About this exercise — The pictures get dropped, while every remaining part of the listing is copied exactly.

___ Information shown ___

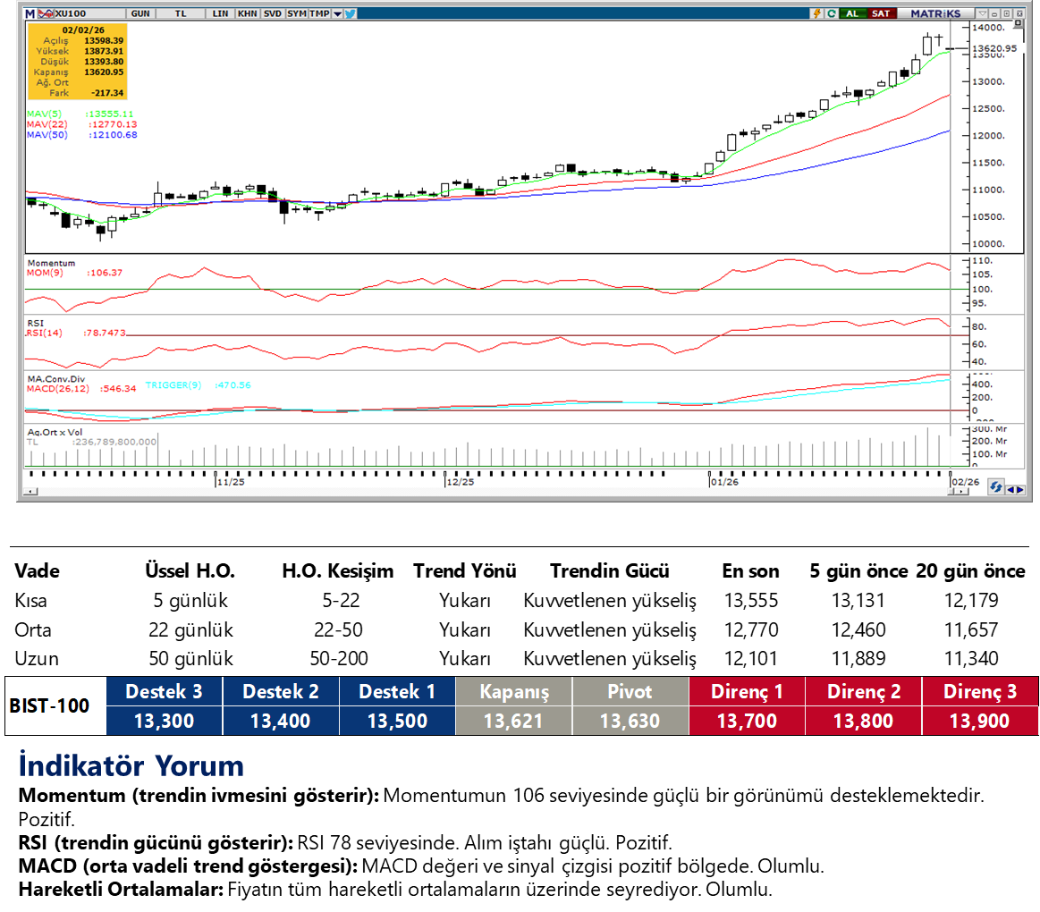 Günaydın. Kıymetli madenlerdeki sert düşüşler sonrasında son 24 saatte toparlanma ve tepki arayışı yaşanırken küresel borsalarda da moralli bir seyir takip ediyoruz. Dün, güne satışla başlayan ABD ve Avrupa borsaları günü pozitif tarafta kapatırken, bu sabah vadeli endeks kontratlarında da alımlar devam ediyor. Benzer şekilde, Asya’da da genel görünüm pozitif ve %5’lere varan yükselişler dikkat çekiyor. Yılbaşından bu yana %21 yükselen Borsa İstanbul’da ise dün günlük bazda %1,6 kayıp yaşandı, ancak gün içi dip seviyelerden bir ara %3,4’e yakın tepki verildiğini, para çıkışının önceki günlerdeki yüksek girişler dikkate alındığında sınırlı kaldığını belirtelim. Dün endekse en fazla pozitif katkı sağlayan ilk beş şirket DSTKF, ISCTR, THYAO, CCOLA, AEFES; endekse negatif etki edenler ise TUPRS, KLRHO, AKBNK, TRALT, ASELS oldu. Son bir haftada düzenli para girişi ile dikkat çeken şirketler ise PGSUS, KCHOL, AKFYE, AEFES ve SASA. Teknik açıdan 13.900 / 14.000 bölgesi direnç, 13.400 ve 13.000/13.300 bandı destek olarak izlenebilir. Günün ajandasında içeride Ocak ayı TÜFE verileri öne çıkıyor. Gıda fiyatlarındaki artış ile beraber aylık bazda %4,13 gibi yüksek bir rakam bekliyoruz ve bununla beraber yıllık TÜFE’nin %30,9’dan %29,8’e gerileyeceğini düşünüyoruz. Devam eden süreçte ise, yıllık TÜFE’nin ilk çeyrek sonunda %28,9’a, yıl ortasında %27’ye, sene sonunda ise %23 seviyesine gerilemesini bekliyoruz. Buna paralel olarak PPK’dan faiz indirimlerinin de devam edeceğini düşünüyoruz. Dışarıda ise görece sakin bir veri takvimi var. Son olarak, Türkiye 5 yıl vadeli CDS primleri güne 216 baz puandan başlıyor.
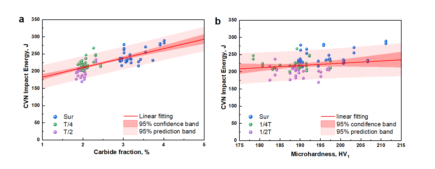 Carbides, as the primary reinforcing phase in low-alloy steels, has a significant impact on material properties. The carbide content and size were then statistically analyzed and carbide experienced partial coarsening and dissolution during aging, while the carbide fraction other than micro-hardness was found linearly correlated with the impact energy, as shown in Fig. 3.
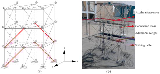 It can be seen from the optimization results that with the increase of genetic evolution generations, the optimal value of the objective function gradually decreases, and the average value of the objective function basically shows a gradually decreasing trend, which indicates that the optimal value and the average value are in a gradual convergence. During the process, the value of the objective function changes less and less. The optimized arrangement of the SMA wire has a better suppression effect on the seismic response of the space structure, but it is not that the more the number of SMA wires installed, the better the shock absorption effect. When the number of the SMA wire exceeds a certain number, the shock absorption effect decreases. When 4 austenitic SMA wires are arranged, the SMA wire layout optimized by GA can reduce the storey drift of the structure by 44.51%. Therefore, for the consideration of damping efficiency and economy, 4 SMA wires are selected to passively control the structure. The optimized layout is shown in Figure 13a, and the shaking table test model is shown in Figure 13b.

___

Result for this exercise —
 Günaydın. Kıymetli madenlerdeki sert düşüşler sonrasında son 24 saatte toparlanma ve tepki arayışı yaşanırken küresel borsalarda da moralli bir seyir takip ediyoruz. Dün, güne satışla başlayan ABD ve Avrupa borsaları günü pozitif tarafta kapatırken, bu sabah vadeli endeks kontratlarında da alımlar devam ediyor. Benzer şekilde, Asya’da da genel görünüm pozitif ve %5’lere varan yükselişler dikkat çekiyor. Yılbaşından bu yana %21 yükselen Borsa İstanbul’da ise dün günlük bazda %1,6 kayıp yaşandı, ancak gün içi dip seviyelerden bir ara %3,4’e yakın tepki verildiğini, para çıkışının önceki günlerdeki yüksek girişler dikkate alındığında sınırlı kaldığını belirtelim. Dün endekse en fazla pozitif katkı sağlayan ilk beş şirket DSTKF, ISCTR, THYAO, CCOLA, AEFES; endekse negatif etki edenler ise TUPRS, KLRHO, AKBNK, TRALT, ASELS oldu. Son bir haftada düzenli para girişi ile dikkat çeken şirketler ise PGSUS, KCHOL, AKFYE, AEFES ve SASA. Teknik açıdan 13.900 / 14.000 bölgesi direnç, 13.400 ve 13.000/13.300 bandı destek olarak izlenebilir. Günün ajandasında içeride Ocak ayı TÜFE verileri öne çıkıyor. Gıda fiyatlarındaki artış ile beraber aylık bazda %4,13 gibi yüksek bir rakam bekliyoruz ve bununla beraber yıllık TÜFE’nin %30,9’dan %29,8’e gerileyeceğini düşünüyoruz. Devam eden süreçte ise, yıllık TÜFE’nin ilk çeyrek sonunda %28,9’a, yıl ortasında %27’ye, sene sonunda ise %23 seviyesine gerilemesini bekliyoruz. Buna paralel olarak PPK’dan faiz indirimlerinin de devam edeceğini düşünüyoruz. Dışarıda ise görece sakin bir veri takvimi var. Son olarak, Türkiye 5 yıl vadeli CDS primleri güne 216 baz puandan başlıyor.
 Carbides, as the primary reinforcing phase in low-alloy steels, has a significant impact on material properties. The carbide content and size were then statistically analyzed and carbide experienced partial coarsening and dissolution during aging, while the carbide fraction other than micro-hardness was found linearly correlated with the impact energy, as shown in Fig. 3.
 It can be seen from the optimization results that with the increase of genetic evolution generations, the optimal value of the objective function gradually decreases, and the average value of the objective function basically shows a gradually decreasing trend, which indicates that the optimal value and the average value are in a gradual convergence. During the process, the value of the objective function changes less and less. The optimized arrangement of the SMA wire has a better suppression effect on the seismic response of the space structure, but it is not that the more the number of SMA wires installed, the better the shock absorption effect. When the number of the SMA wire exceeds a certain number, the shock absorption effect decreases. When 4 austenitic SMA wires are arranged, the SMA wire layout optimized by GA can reduce the storey drift of the structure by 44.51%. Therefore, for the consideration of damping efficiency and economy, 4 SMA wires are selected to passively control the structure. The optimized layout is shown in Figure 13a, and the shaking table test model is shown in Figure 13b.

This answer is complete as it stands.